I’m still out of range for now. Unfortunately, there’s nowhere behind me to go. If I want to move, I have to run through the light. Which would be suicide.
Still on the ladder, he has the higher ground.
Normally that would be an advantage . . .
He descends to the next rung.
I think.
What makes him vulnerable?
Gravity.
I run for the ladder.
I leap into the air and kick it with both feet.
The bottom of it buckles, gets knocked free from the ground, and slides out from underneath him. I hit the water on my side and roll free as
the ladder comes toppling down. Esteban falls the full thirty feet and slams into the rocks. There’s a sickening crack followed by a splash. His screams are muffled by the water as his head goes under for a moment.

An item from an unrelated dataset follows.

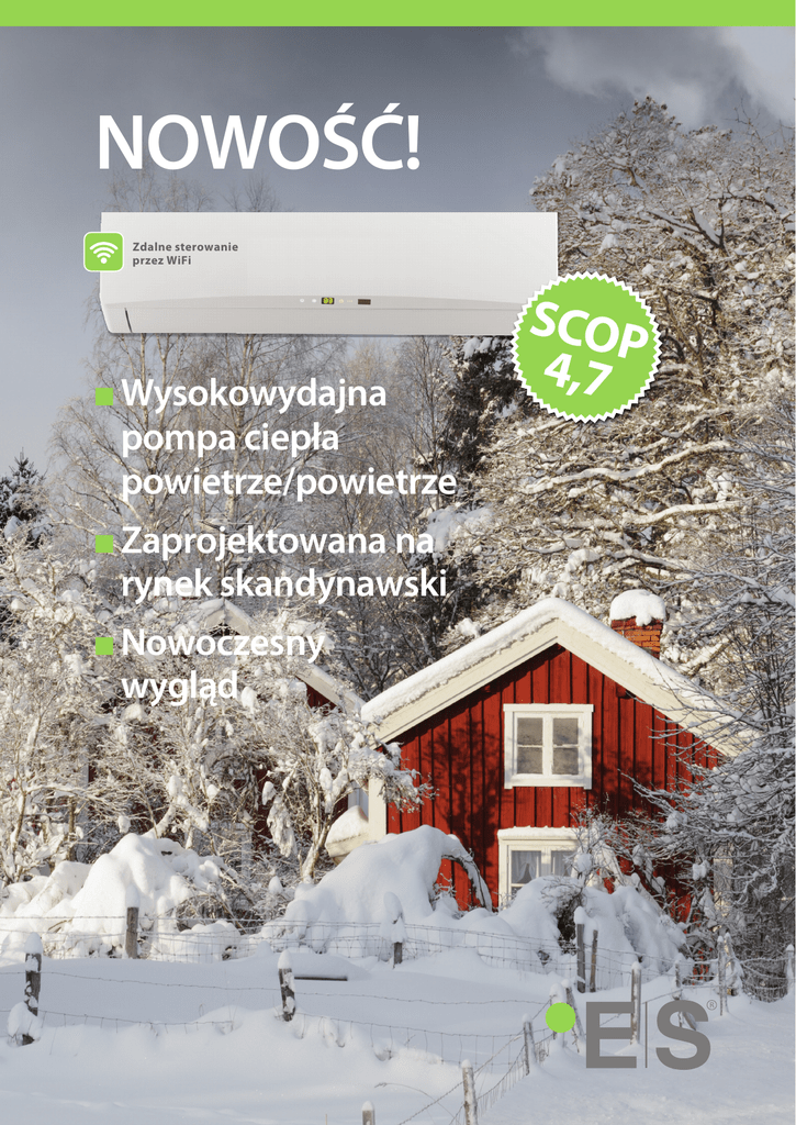 NOWOŚĆ! Zdalne sterowanie przez WiFi n Wysokowydajna pompa ciepła powietrze/powietrze n Zaprojektowana na rynek skandynawski n Nowoczesny wygląd SCOP 4,7 ES Pompa ciepła powietrze/powietrze AA 5,5 Performance Zdalne sterowanie przez WiFi AA 5,5 Performance dostarcza ciepło bardzo wydajnie przez co zapewnia znaczne oszczędności w ogrzewaniu. AA 5,5 Performance jest wyposażona w sprężarkę o zmiennej wydajności, dzięki czemu dostarcza dokładnie tyle ciepła ile jest potrzebne. DANE TECHNICZNE AA 5,5 PERFORMANCE AA 5,5 Performance ma sprężarkę o zmiennej wydajności, która reguluje ilość dostarczanego ciepła. Rozmrażanie odbywa się automatycznie według zapotrzebowania. Zapewnia to maksymalną wydajność i oszczędność. Wydajność cieplna max 5500 W Wydajność chłodnicza max 4000 W SCOP 4,7 (A) / 3,7 (C) Klasa energetyczna A++ (Umiarkowany) Zdalne sterowanie ogrzewaniem Moc napędowa przy ogrzewaniu min 120/ max 1400 W Pompa ciepła jest wyposażony w funkcję utrzymania ciepła. Pozwala to utrzymać stałą temperaturę oraz niską ”antyzamrożeniową” (min. + 8 ° C), np w twoim domku letniskowym w okresach, gdy nie jest on zamieszkany. Funkcja Wi-Fi zapewnia zdalne sterowanie poprzez smartfon lub tablet. Moc napędowa przy chłodzeniu min 120/ max 1400 W Zakres pracy - ogrzewanie -20° C - +24° C Max przepływ powietrza – jedn. wew. m /h 750 Wysoka efektywność Max przepływ powietrza – jedn. zew. m3/h 2400 Rozmrażanie według zapotrzebowania Tak Przewód grzejny tacy ociekowej Tak Podgrzewanie spreżarki Tak Elektroniczny zawór rozprężny Tak SCOP czyli efektywność sezonowa należy do najwyższej klasy. SCOP pomaga klientowi porównać pompy ciepła według ich efektywności. Kraje skandynawskie należą do zimnego klimatu (zimny / C), z wyjątkiem Danii, która zaliczana jest do klimatu umiarkowanego (umiarkowany / A). Efektywność sezonowa daje obraz wydajności pompy ciepła. AA 5,5 Performance ma SCOP A - 4,7 oraz SCOP C - 3,7. Tak wysoka wydajność daje krótki okres zwrotu inwestycji. Najlepsza w teście pomp ciep W teście w ła Norwegii p rz eprowadzo Konsumen nym przez tverket oce niającym p urządzenie ompy ciepła AA 5,5 Perfo , rm ance zwycię wszystkich żyła we testach! -15° C - +47° C Zakres pracy - chłodzenie 3 Kompresor Inverter Głośność (EN12102 ) jedn. wew. 55 dB(A) Głośność (EN12102 ) jedn. zewn. 63 dB(A) Ciśnienie akustyczne jedn. wew. (min-max) 26-43 dB(A) Ciśnienie akustyczne jedn. zew. 54 dB(A) Waga jednostki wewnętrznej 11 kg Waga jednostki zewnętrznej 43 kg Rury chłodnicze ½ oraz ¼ Czynnik chłodniczy R410A, 1,3 kg Wymiary jedn. wewnętrznej Sz x Wys x Gł 866 x 292 x 209 mm Wymiary jedn. zewnętrznej Sz x Wys x Gł 899 x 596 x 378 mm Zasilanie elektryczne 230 Volt, 50 Hz Zabezpieczenie prądowe 10A Wymagane zabezpieczenie różnicowo-prądowe Gaz chłodniczy ma GWP powyżej 150 Dystrybutor w Polsce: Tel: 58 5564888 • [email protected] • www.PowerOfGreen.eu Producent: Energy Save Nordic AB • Kristineholmsvägen 26B • SE-441 39 Alingsås, Sweden ES jan 2016 Zaawansowana automatyka

Broken, sprawled out, he flails. I stagger to my feet, ignoring my bruised hip, and pry the gun from his fingers. He lets out a howl as he tries to lift himself on his broken arm. I pistol-whip him unconscious so I can find my gun before he does. It’s a savage thing to do, but this is a matter of survival.
“Remind me to stay on your good side,” says a weak, but alert, Dr. Moya.
I cross over to him and grimly smile in the moonlight before probing his arms and legs for broken bones. “Who is he?”
“A policeman, I believe. He looked familiar.”
“Seriously?” I was hoping the badge was a fake. Now I’ve done it. This is even worse than I thought. I may have just killed another cop.
16
ESTEBAN IS A dirty cop. They’re like cockroaches: where there’s one, there’s more. I’ve met some hardworking Mexican police who risk their lives every day to bring justice, but all it takes is a few corrupt ones and you no longer know whom to trust—the whole system falls apart. I’ve got nowhere to run.
Esteban had kicked Moya down the ladder just before I got there. Fortunately for the professor, he landed on his arm and got only a mild concussion. Esteban himself is in slightly worse shape. He shattered a leg, his arm, and at least one rib.
I right the ladder to fetch some materials from Moya’s SUV so I can make a splint for his sprained arm before helping him up out of the hole. I wrestle with leaving Esteban at the bottom of the cave. It would be the safest course of action, but it’s not a moral or an ethical one.
My phone still isn’t working, so I can’t call for backup. If I leave him, he’ll probably be alone for hours before any help can be sent back to him. His wounds are severe enough that he could die.
I couldn’t live with that.
My only choice is to use the winch on Moya’s SUV to pull Esteban up. I sling the cable under his arms, padding it with a blanket. Moya controls the motor as I guide Esteban’s body up the ladder. He screams bloody murder before passing out, which makes the most difficult part a little easier.